The present invention relates to a slip-controlled brake system provided for automotive vehicles with driven front axle and rear axle and which is equipped with a pedal-actuated braking pressure generator comprising a power brake booster connected to an auxiliary pressure source. The booster communicates directly with one or several wheel brakes and which acts upon a master cylinder to the working chambers of which the other wheel brakes are connected. The brake system includes electromagnetically actuatable multi-directional control valves contained in the pressure fluid conduits leading to the wheel brakes and includes pressure fluid return lines which connect the wheel brakes with a pressure supply reservoir and which contain likewise electromagnetically actuatable multi-directional control valves. The system further comprises a normally closed pressure fluid conduit from the power brake booster to the master cylinder which can be switched to its opened position and additionally comprises wheel sensors and electronic circuits for the determination of the wheels' rotational behavior and for the generation of valve control signals.
Slip-controlled brake systems of the type initially referred to are known and which prevent locking of the controlled wheels by virtue of control of the multi-directional control valves which are inserted in the pressure fluid conduit from the braking pressure generator to the controlled wheels and in the pressure fluid return lines from the wheels to the pressure supply reservoir. The risks involved when the wheels become unstable or lock, respectively, in particular the risk of skidding and loss of steerability, thereby will be eliminated or at least reduced considerably. However, such systems do not have any influence on the spinning of wheels due to excessive driving torque.
Moreover, it has also been proposed to design hydraulic brake systems of the like such as to limit traction slip as well. To this end, a connecting valve was employed according to the proposal described in German patent application P No. 33 27 401.0, now U.S. Pat. No. 4,565,411 in which because of the valve the driven wheels will be isolated from the braking pressure generator and connected directly to the auxiliary pressure source as soon as traction slip becomes too high. This allows introduction of hydraulic pressure into the connected wheel brakes even without application of the brake.

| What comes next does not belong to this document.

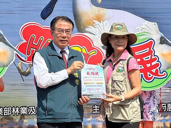 農業局代理局長陳仲杰、農業部林業及自然保育署嘉義分署長張岱、雲嘉南濱海國家風景區管理處處長許宗民等人頒獎2024黑面琵鷺保育季有功人員團體。
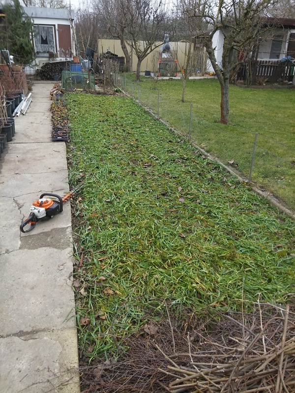 Sandhafer Ende Januar, frisch zerkleinert zum einarbeiten. Hilft auch gegen Schnecken (die passende Bodenbearbeitung).

According to another solution pressure out of the auxiliary pressure source is supplied directly into the master cylinder for the reduction of traction slip. The pressure propagating by way of a prechamber and by way of check valves in the sleeves of the master cylinder pistons into the working chambers of the master cylinder and from there by way of the inlet valves to the wheel cylinders. The individual multi-directional valves in the pressure fluid conduits to the wheel brakes allow to dose the pressure, if necessary with the assistance of the outlet valves which can establish connection between the wheel brake cylinder and the pressure supply reservoir. The driven wheels must be connected to the master cylinder in a like system.
It is an object of the present invention to improve upon a like brake system in a particularly simple manner and requiring minimal effort so that it can be employed for all-wheel-driven vehicles and which not only prevents locking of the wheels but also limits the traction slip of the wheels to an admissible value.